古都(2016)の映画専門家レビュー一覧

古都(2016)

川端康成の同名長編小説を、舞台を現代に置き換え映画化。松雪泰子が双子の二役を演じている。京都で代々続く呉服店を営む千重子と、北山杉の里で働く苗子。生き別れた双子の姉妹とその娘たちは、時代が大きく移ろう中、受け継いできた伝統の継承に葛藤する。京都とフランス・パリで撮影が行われた。監督はハリウッドで映画を学び「Re:Play-Girls」などを手がけたYuki Saito。岐路に立つ娘たちを「寄生獣」シリーズの橋本愛と「無伴奏」の成海璃子が演じる。2016年11月26日より京都先行公開。
  • 映画評論家

    北川れい子

    ちょっと批評のことばもない。星一つはおマケです。どういう狙いがあってハリウッドで8年映画作りを学んだという実力未知数の新人監督を起用したのか不明だが、和服姿の松雪泰子が京都をウロウロする、その歩き方からしてブザマで、しかもその表情はミジメッたらしい八の字顔、古都も文化もヘッタクレもあったもんじゃない。川端原作の現代版? 古都つながりでパリに留学? とにかく場面はあっても絵ハガキ未満、終盤のパリの日本文化デモンストレーションは、悪夢か悪い冗談か。

  • 映画文筆系フリーライター、退役映写技師

    千浦僚

    川端康成『古都』は過去に岩下志麻版、山口百恵版があるが、本作は単に再映画化ではない、いま流行の新味を加えた改変をアピールしたいリブート版。

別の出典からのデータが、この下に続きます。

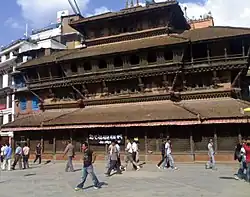 On the eastern side stands Dhansā Degah (धन्सा देग:) (alternative name: Dhunsar), a 17th-century pagoda-shaped building. Its carved wood windows provide a specimen of the art of woodworking which has been highly developed in the Kathmandu Valley since ancient times.[5] The upper part was destroyed in the great earthquake of 1934, and its height was shortened when it was repaired. It was originally a courthouse.[6] A shrine to Nāsa Dya (नास: द्य:), the god of music, exists on the ground floor.
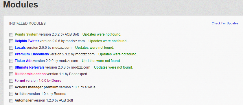 Feature Request for Multi Admin > Access Please add a "Select All" feature that will 'check' all the check-boxes at once. I'm finding that it would be *much* easier for me to have them all checked then uncheck those that I wish to block access to. Especially considering the large number of add-on modules I have installed. Thank you :-) http://pkforum.dolphinhelp.com | |
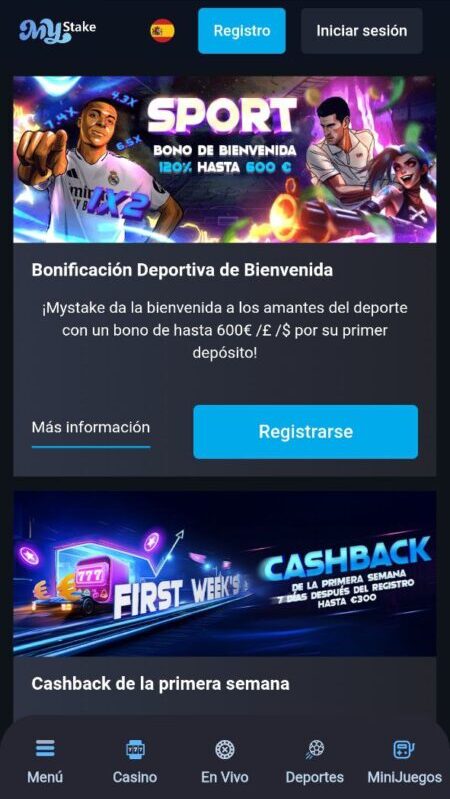 Si hablamos de promociones, MyStake es una de las mejores casas de apuestas que puedes tener en cuenta. Fíjate, por ejemplo, en su bono de bienvenida. Con él, obtendrás un 120 % de tu primer depósito, con ganancias de hasta 600 € (alrededor de 2 829 222 COP). Su cuota mínima no es nada excesiva, y el rollover es de X10.
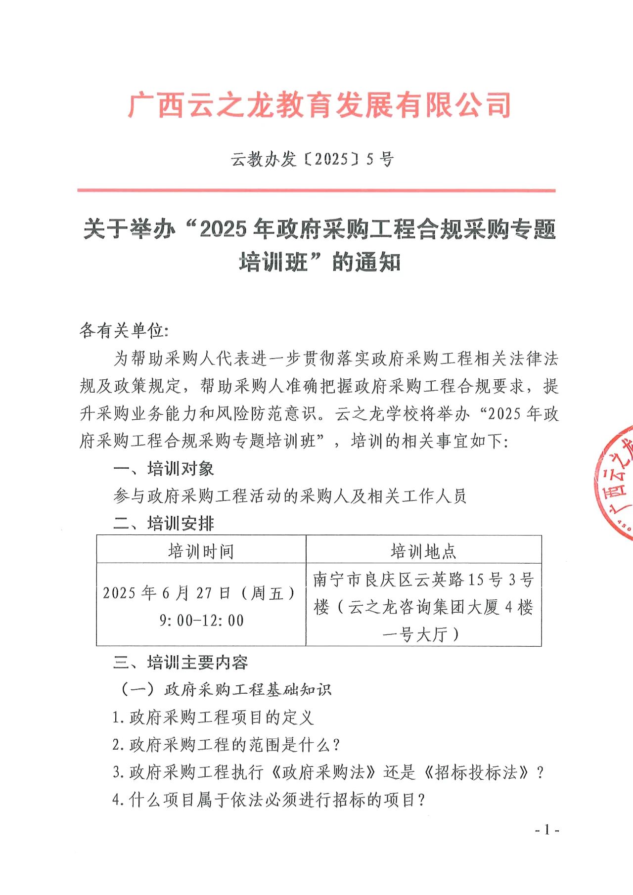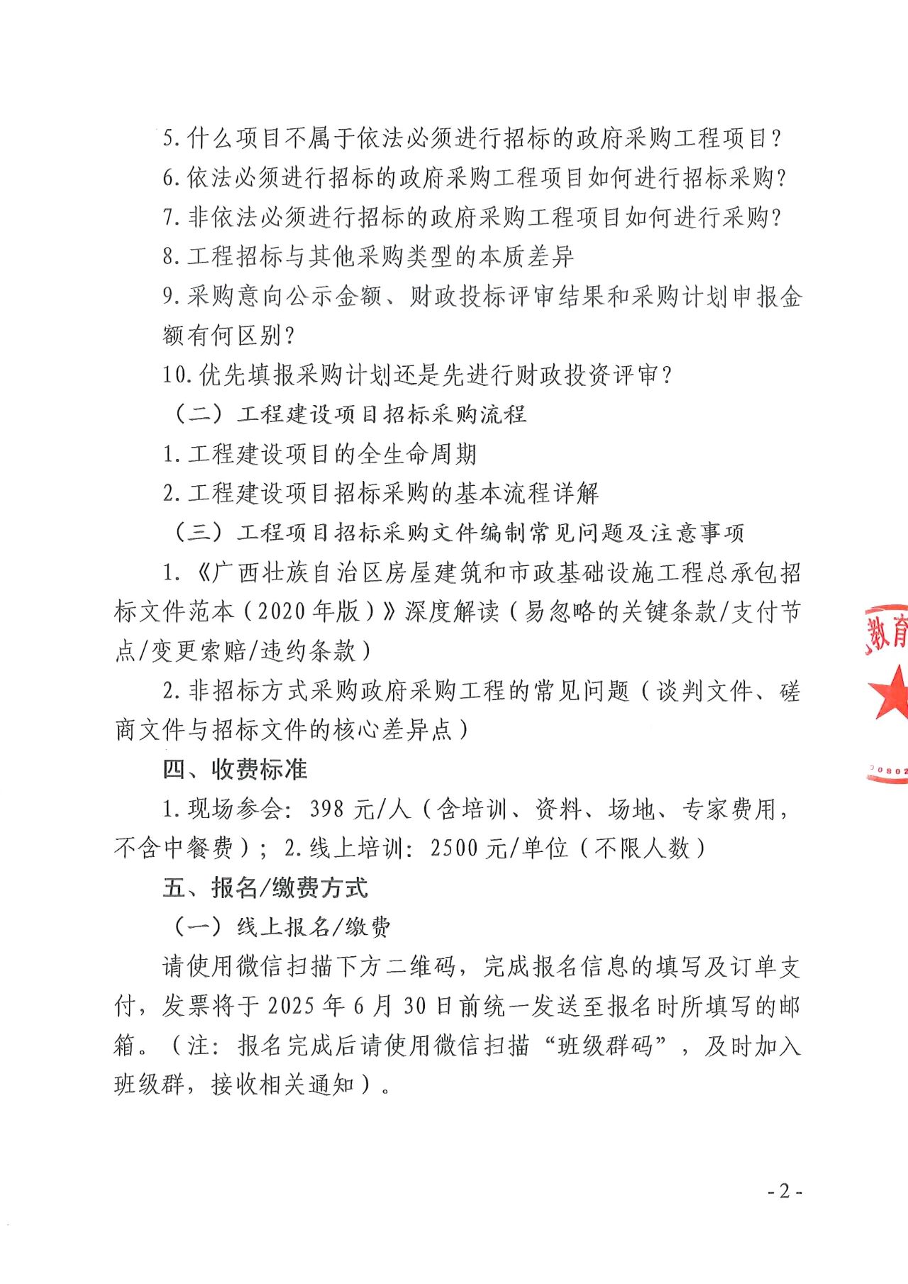 關于舉辦“2025年政府采購工程合規采購專題培訓班”的通知
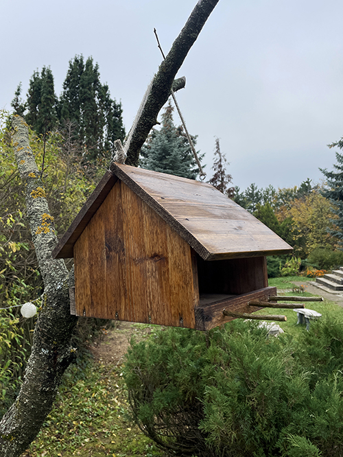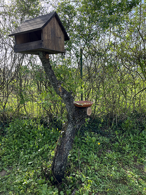 Volt egy kis meggyfám, ami felett sajnos eljárt az idő… Egy ideje már alig volt termése, így fokozatosan elkezdtem lefűrészelni az ágait, de kivágni semmiképpen nem szerettem volna, mert a törzse, és a fő ága elég erős ahhoz, hogy egy madáretetőnek és itatónak egy pár évig még alátámasztást adjon.
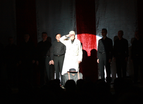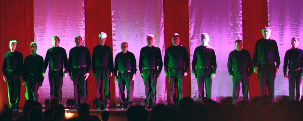 um Platz zu schaffen für „Axel-F“, von choralis intoniert und beschwingt choreographisch unterlegt. „Licht aus, Spot an“ hieß es früher zu „Disco“-Zeiten, so auch beim MGV, was jedoch kam, war ein Mann im Trenchcoat mit Koffer und Hut, der dachte, dass er noch niemals in New York war. Der Männerchor nahm prompt seinen Gedanken mit Udo Jürgens Titel auf und wurde mit tosendem Beifall belohnt.
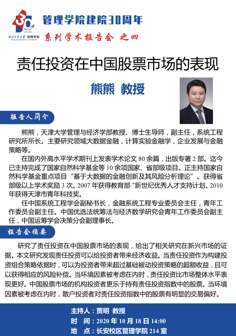 【williamhill英国威廉希尔建院30周年系列学术报告会之四】责任投资在中国股票市场的表现
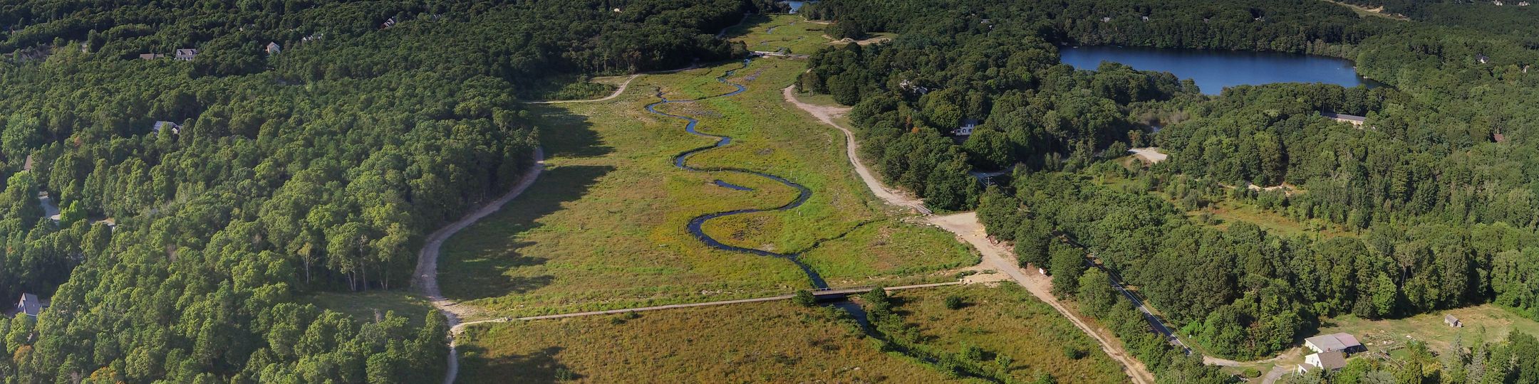 The wetland restoration project was realized in two phases. Phase 1 was completed in 2018, and included the removal of the Lower Bog dam, the reconstruction of the river channel, the restoration of 17 acres of wetland, and the installation of a boardwalk and bridge. Phase 2, completed in 2020, included the removal of the Middle Bog dam, installation of a public access boardwalk, and restoration of 39 acres of wetland across the former cranberry farm growing surface. This phase of the restoration was funded by NOAA, an MVP grant, DER (and USFWS), NRCS and CPA and included the replacement of three failing culverts under John Parker Road with a bridge which will allow migratory fish to access their upstream habitat, including the 158-acre Coonamessett Pond.
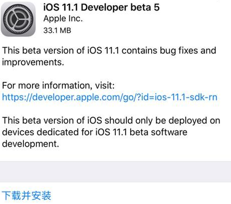 苹果还在今天更新了MacOS High Sierra 10.13.1开发者测试版以及tvOS 11.1的第四个测试版,第五个公测版ios11.1也一并更新。
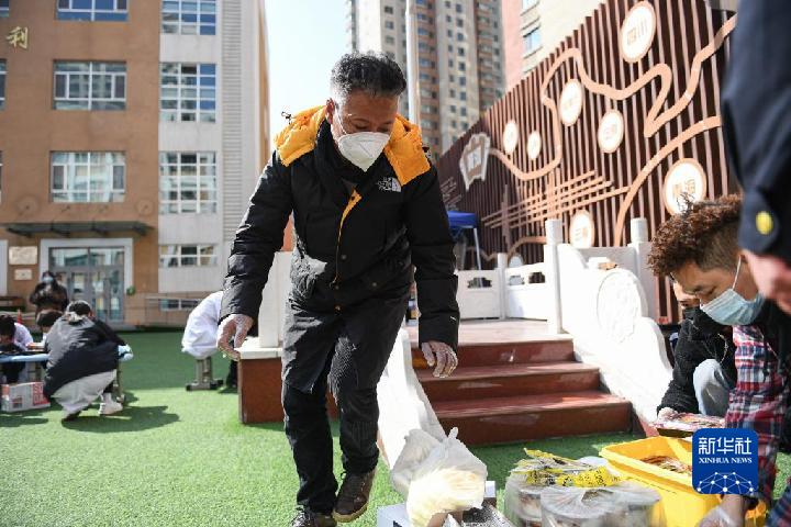 10月31日,羅宗周正在為西寧勝利路一社區(qū)核酸采樣點(diǎn)送愛心餐。新華社記者 吳剛 攝
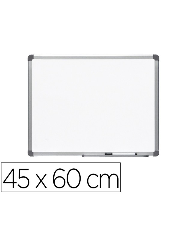 Pizarra blanca rocada lacada magnetica marco aluminio con cantoneras 45x60 cm
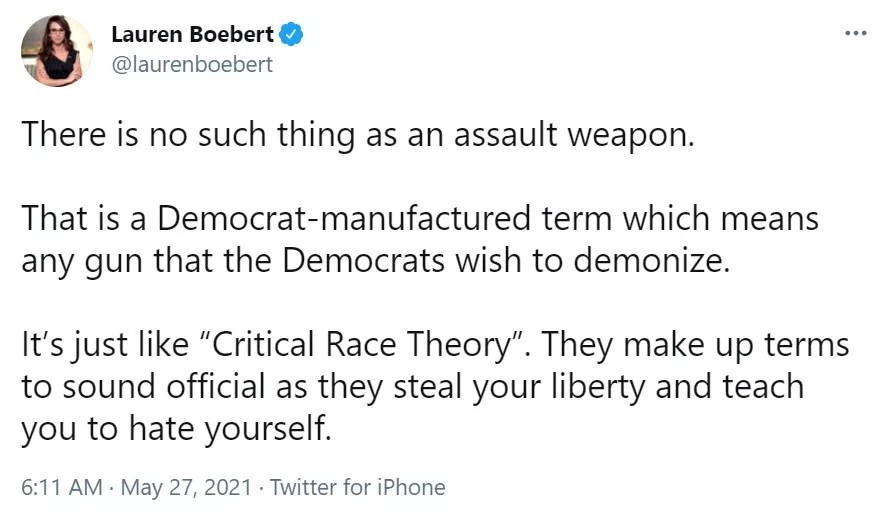 Let’s set aside the gaslighting bullshit. There’s actual history behind the terms “assault weapon” and “critical race theory.”

変えたところ付け加えたところに?まれるものがある「古都 怒りのデスロード」。生活格差が生じた双子という従来の設定に、さらにその娘たちは、と線を延ばしたところが現代。そこでの自立や人生の開拓がおこなわれる。松雪泰子二役、蒼あんな蒼れいな姉妹、橋本愛、成海璃子と、落ち着いた系の美人が満載でそれだけでも観られる。

  • 映画評論家

    松崎健夫

    本作は西陣織の世界を描いているが、これは〈映画〉そのもののことを描いているようでもある。後継者を失い、技術が廃れ、次世代に引き継げないという現状。この映画は、その“伝統”のあり方を川端康成の『古都』に倣いながら、かつて栄華を誇った撮影所のある街・京都を舞台にしている。それは単なる偶然ではない。映画の始まりと終わりを飾る、着物の縦糸と横糸。それはまるで、京都の街を象る碁盤の目のようではないか。そして、唐突に思えるパリの風景に共通項を見出すのである。